LOL, you going to bed would make her feel so bad about herself, right?  So like, “This theoretical edifice we’ve created to make sense of our experience IS NOT ENOUGH” is a really fucking powerful statement.  And this is a TERRIBLE question, and I’m sorry I’m asking it, but I really wanna know: If Maria’s theoretical edifice isn’t enough, then what would be better?  Like: what does Maria need?  Like: if you were her guardian angel, what would you give her?

BINNIE

Oh I don’t think the answer to that is that complicated, actually. I think she needs praxis, she needs to take this theory that she knows inside out and backwards and do something with it in her actual life: to stop explaining and start doing. I mean, that’s what she tries to do with James and it doesn’t work, but that’s because she has no idea how to talk to another person, much less mentor them. Like, the things she says to him are just, like, shouting dense theory at his face. That is not a good way to connect with a new friend. And she talks about not liking other trans women but she doesn’t have a good reason for it. The specifics of her sexuality are this question mark that has her faking orgasms instead of figuring out what she wants and asking for it- she just needs to start living in the world instead of her own head and on the internet. Which is really hard when the world doesn’t know what to do with you, but… I mean this is a common thing, trans women being a lot better at talking about our shit online than in real life. If I were her guardian angel I’d give her a friend who she can learn to share space in a room with, where the stakes are a little lower than they are with James. I would give her practice at relating to other human beings in meatspace.

FISHBACK

Maria keeps saying she’s over stuff, or bored of stuff, or that she doesn’t want to talk about stuff, but always ends up talking about that stuff over and over again, in fascinating detail.  In what ways are you, proverbially, OVER IT?  (“It” meaning basically everything/anything.)

BINNIE

I don’t know! That tension is another thing that’s important in Nevada (and in my life): the fact that you’re over something but you don’t get to be over it. Again, specific to trans women, there’s this thing where a lot of us want to explain trans stuff all the time because so many people so consistently do such a bad job of understanding trans people. But at the same time IT IS SO BORING to keep going over trans 101 all the time your whole life. But then also new people are coming out as trans all the time, and they’re always working through poisonous cisnormative stuff that they’ve internalized, right, and if you want for their lives to be better you want to help them through it, so you end up having 101 conversations again. Or 201 conversations or whatever.

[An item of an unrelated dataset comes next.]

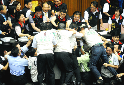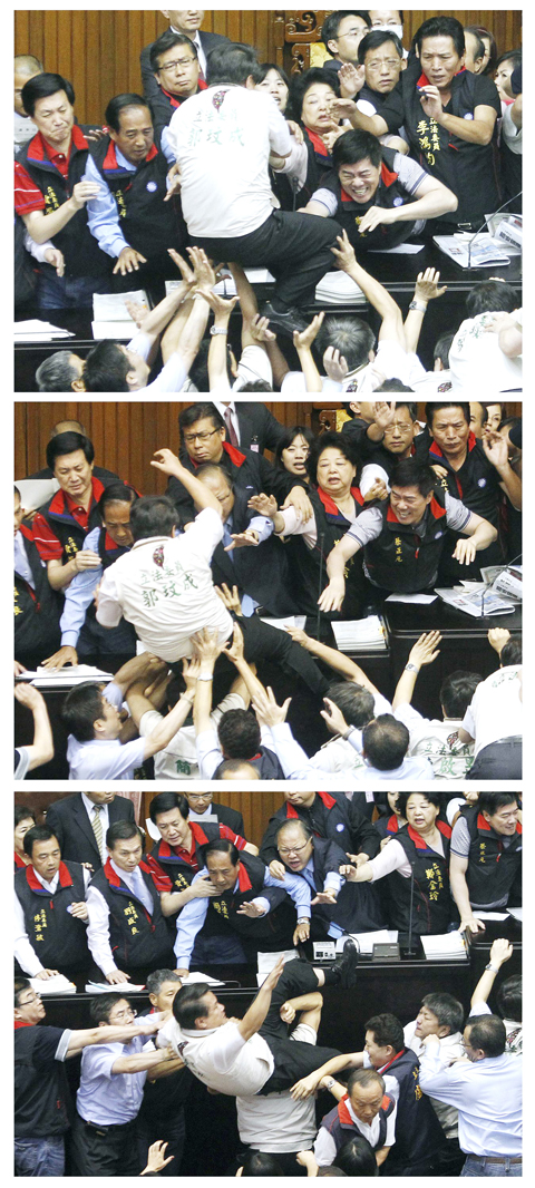 During the scuffle, Legislative Speaker Wang Jin-pyng (王金平), heavily guarded by Chinese Nationalist Party (KMT) legislators on the speaker’s podium, announced that the Legislative Yuan had approved the KMT caucus’ proposal to allow the ECFA and a cross-strait copyright protection agreement to skip preliminary review.
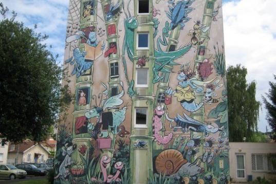 Sin embargo, el territorio al que los personajes de cómic saltan desde las páginas de papel es a las paredes. Numerosos murales de grandes dimensiones salpican tanto el centro de la ciudad como los barrios periféricos. Son trampantojos diseñados por historietistas de prestigio como Yslaire, Max Cabanes, Julliard o Florence Cestac —ellos crean el dibujo y unos operarios son los encargados de plasmarlos en los muros—. Humor, fantasía, imaginación y color sorprenden al visitante y animan el día a día de los vecinos.

And like… I am going to be a nerd for a second. There’s this trope that the interesting thing about being trans is the transition part: that you’re pretty much a cis person before you transition, and then you have this Fascinating, Brave Butterfly period where you’re in the middle, and then you’re a cis person again, just the other kind. This is a reason the middle-class white trans memoir is so popular: it almost always ends with “and now I’m a normal woman.” And I was like, well, that trope erases the reality that there are real differences between trans people and cis people outside the context of the exciting transition part. And the book is structured to reflect that: Maria’s transition is behind her, and- spoiler!- James’s is a few years in front of him. Each represents a part of the life of a trans woman who transitions that isn’t the transition, and how being trans is relevant there.

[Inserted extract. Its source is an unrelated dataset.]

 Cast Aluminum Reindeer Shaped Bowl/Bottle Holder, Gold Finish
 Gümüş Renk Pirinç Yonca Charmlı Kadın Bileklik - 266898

So the bulk of the things that Maria is over but can’t let go is trans stuff that is still relevant to her life. It’s about the dichotomy between “done with transition” and “still trans.”

But the question you asked is about me, and the answer is: I don’t know.

FISHBACK

The opening image of “Nevada” is of a cisgender queer woman choking a transgender woman, and neither is having a good time.  Would it be a stretch to call this a snapshot of trans/cis dialogue amongst queer people today?

BINNIE

Haha. I do feel like that would be a stretch, yes. I mean that scene is consensual choking.

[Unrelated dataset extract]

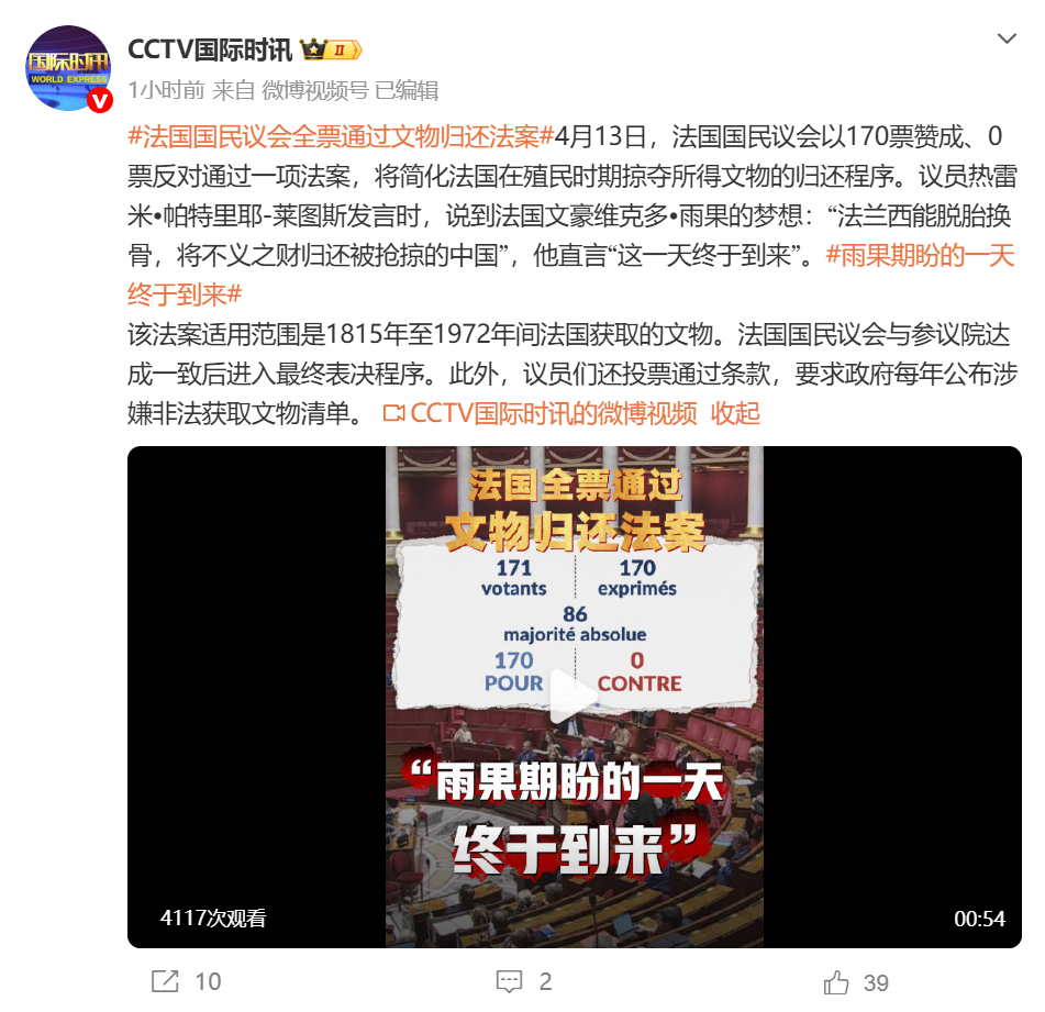 據CCTV國際時訊報道,4月13日,法國國民議會以170票贊成、0票反對通過一項法案,將簡化法國在殖民時期掠奪所得文物的歸還程序。
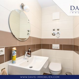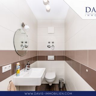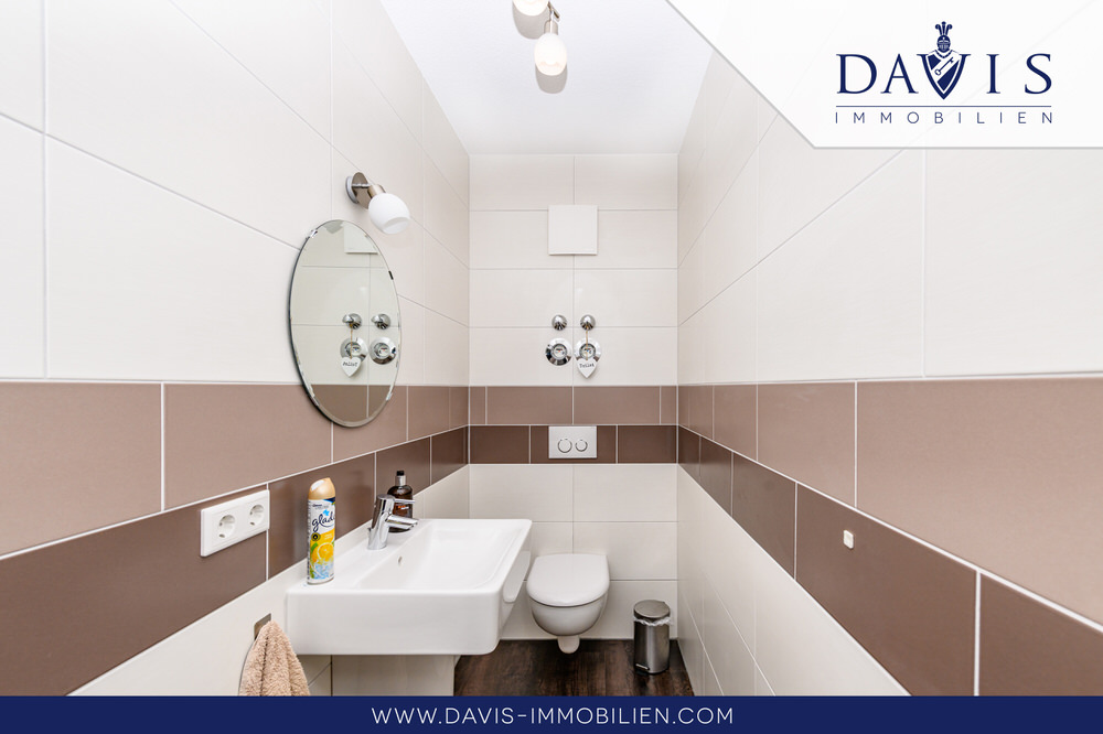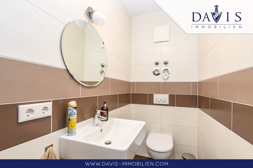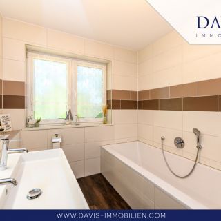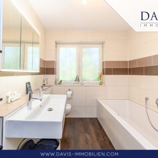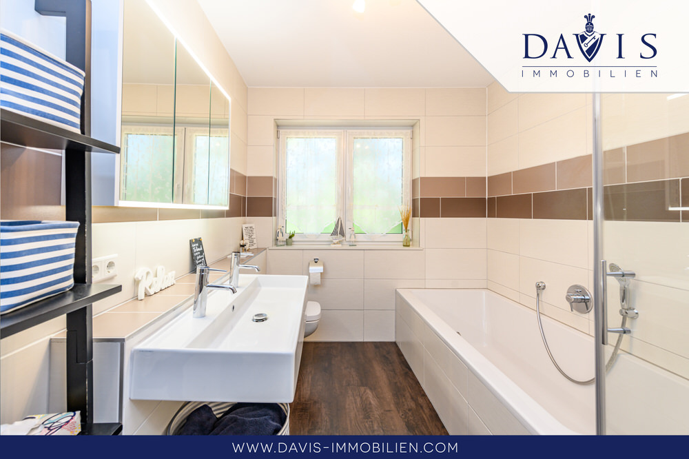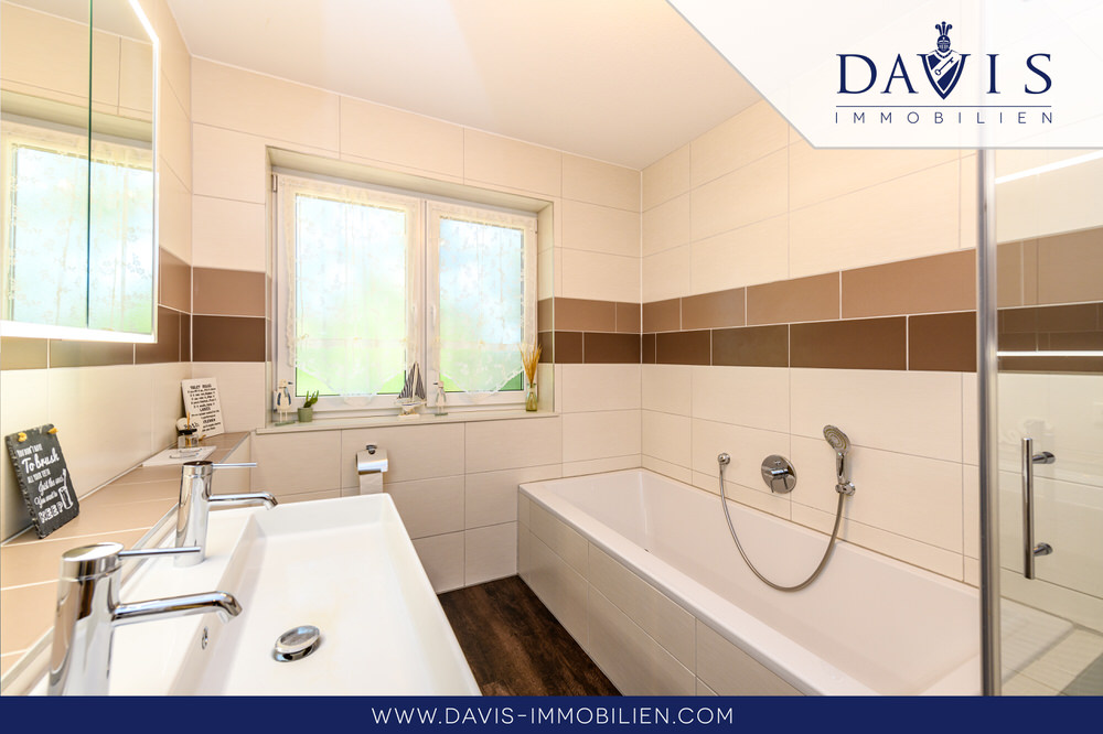 Mit einem Auge fürs Detail wurde ein geräumiges Badezimmer mit einer Badewanne und Dusche warm eingerichtet. Ein Doppelwaschbecken hebt den Komfort des ohnehin modernen Badezimmers noch einmal besonders. Das separate WC erweist sich im Alltag als sehr Praktisch und ist auch sinnvoll platziert.

Nah I’m kidding, I think it’s more complicated than that. I date cis women and am close with a lot of cis women who Get It. Obviously there are a lot of female-assigned people who don’t, who are really invested in this narrative that being a female-assigned genderqueer person is the same- or a More Important Oppression- than the normative oppression experienced by (scare quotes) “binary-identified” trans women. And there’s no room for conversation there; look what happened with the Hey Queen thing, when some trans women tried to make performing at Michfest have ANY CONSEQUENCES AT ALL.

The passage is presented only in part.